» **Work required**: Only the pictures should be left out; repeat the rest of the data exactly.

» **Source data**:

********************

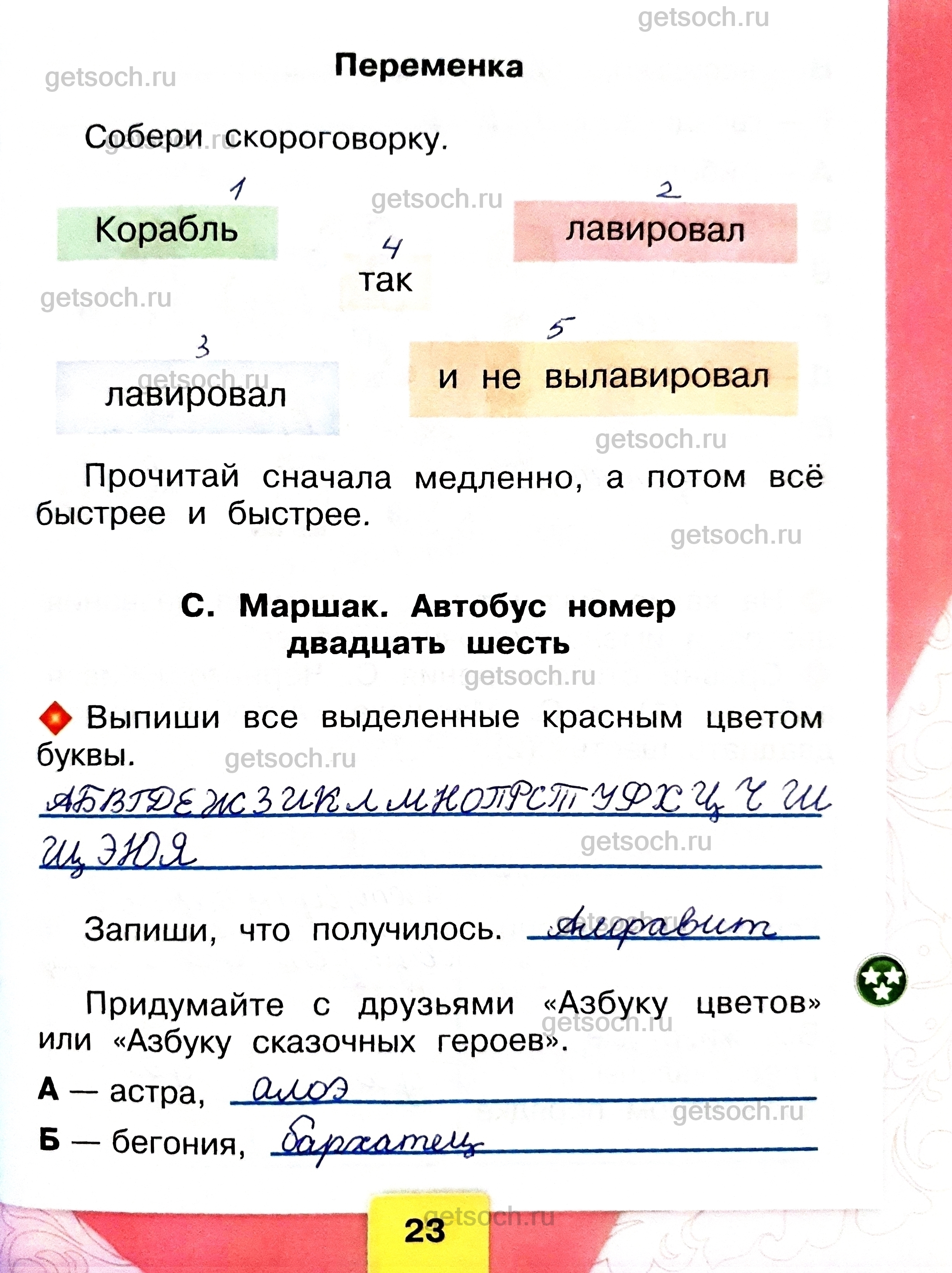С. Маршак. Автобус номер двадцать шесть♦ Выпиши все выделенные красным цветом буквы.______________________________________________Запиши, что получилось. ________________________Придумайте с друзьями “”Азбуку цветов”” или “”Азбуку сказочных героев””.А – астра, ____________________________________Б – бегония, _________________________________В – васильки, ________________________________Г – гвоздика, _________________________________А – Айболит, _________________________________Б – Буратино, ________________________________В – _________________________________________Г – _________________________________________Д – _________________________________________Е – _________________________________________Ж – ________________________________________
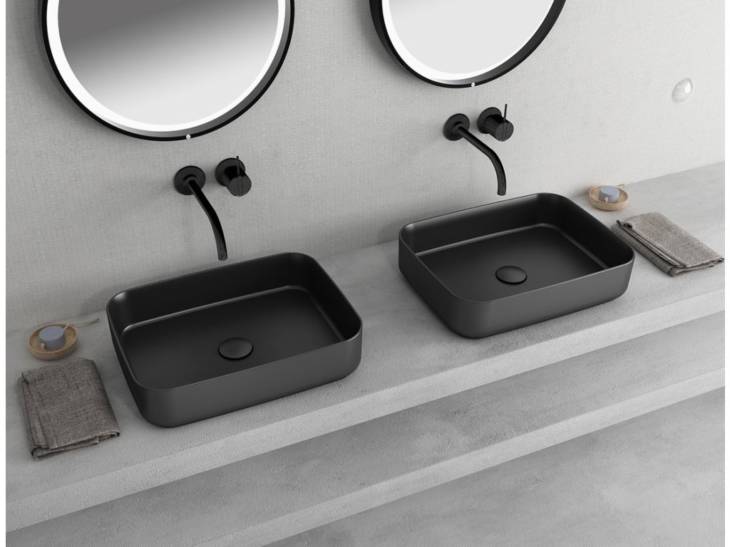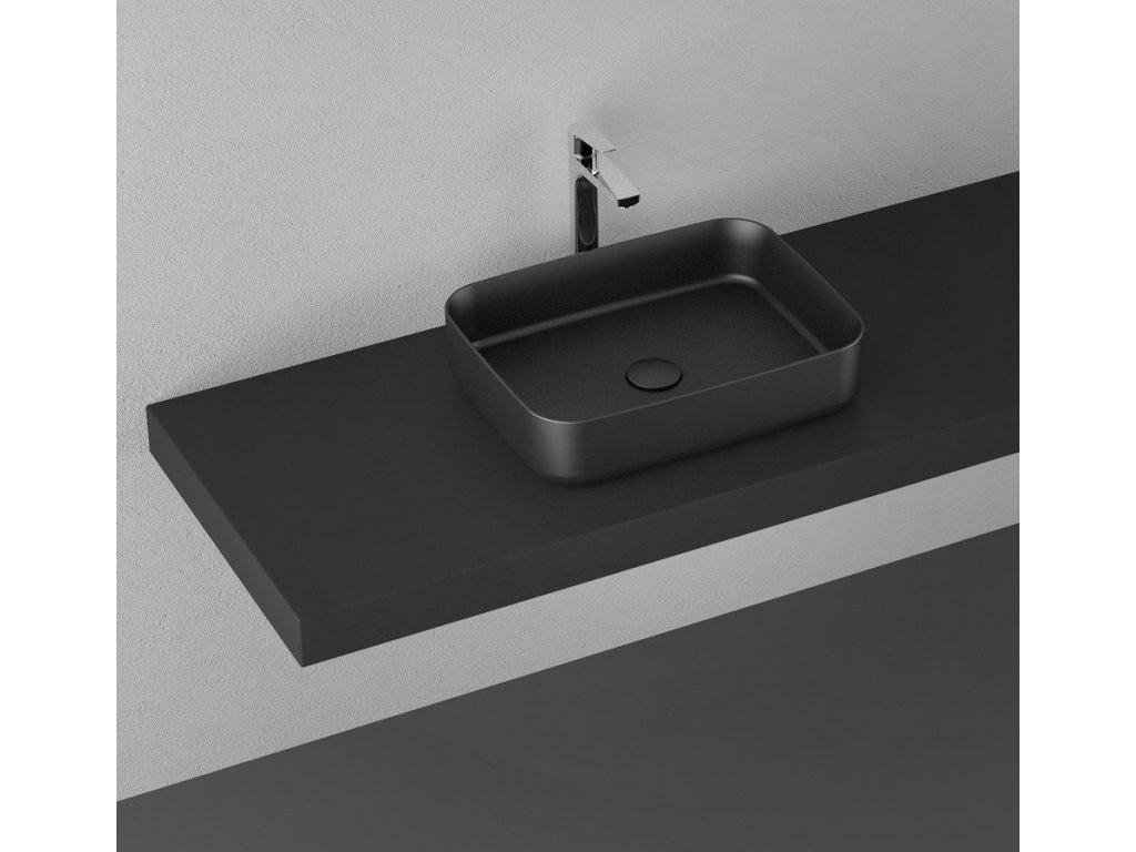 INFINITY RECTANGLE keramické umývadlo na dosku, 50x36cm, čierna mat
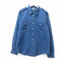 XL★古着 ラルフローレン チャップス 長袖 ブランド シャツ メンズ 90年代 90s ワンポイントロゴ 大きいサイズ コットン ボタンダウン 紺 デニム
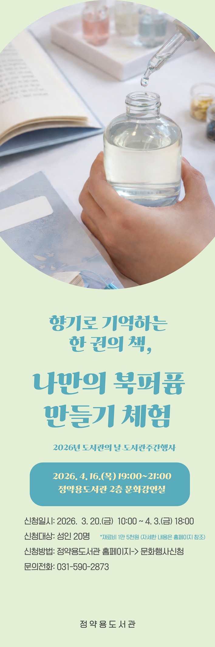 | 행사명 | [도서관주간행사] 향기로 기억하는 한 권의 책, 나만의 북퍼퓸 만들기 접수중 |

********************

» **Answer below**:
С. Маршак. Автобус номер двадцать шесть♦ Выпиши все выделенные красным цветом буквы.______________________________________________Запиши, что получилось. ________________________Придумайте с друзьями “”Азбуку цветов”” или “”Азбуку сказочных героев””.А – астра, ____________________________________Б – бегония, _________________________________В – васильки, ________________________________Г – гвоздика, _________________________________А – Айболит, _________________________________Б – Буратино, ________________________________В – _________________________________________Г – _________________________________________Д – _________________________________________Е – _________________________________________Ж – ________________________________________
 INFINITY RECTANGLE keramické umývadlo na dosku, 50x36cm, čierna mat
 XL★古着 ラルフローレン チャップス 長袖 ブランド シャツ メンズ 90年代 90s ワンポイントロゴ 大きいサイズ コットン ボタンダウン 紺 デニム
 | 행사명 | [도서관주간행사] 향기로 기억하는 한 권의 책, 나만의 북퍼퓸 만들기 접수중 |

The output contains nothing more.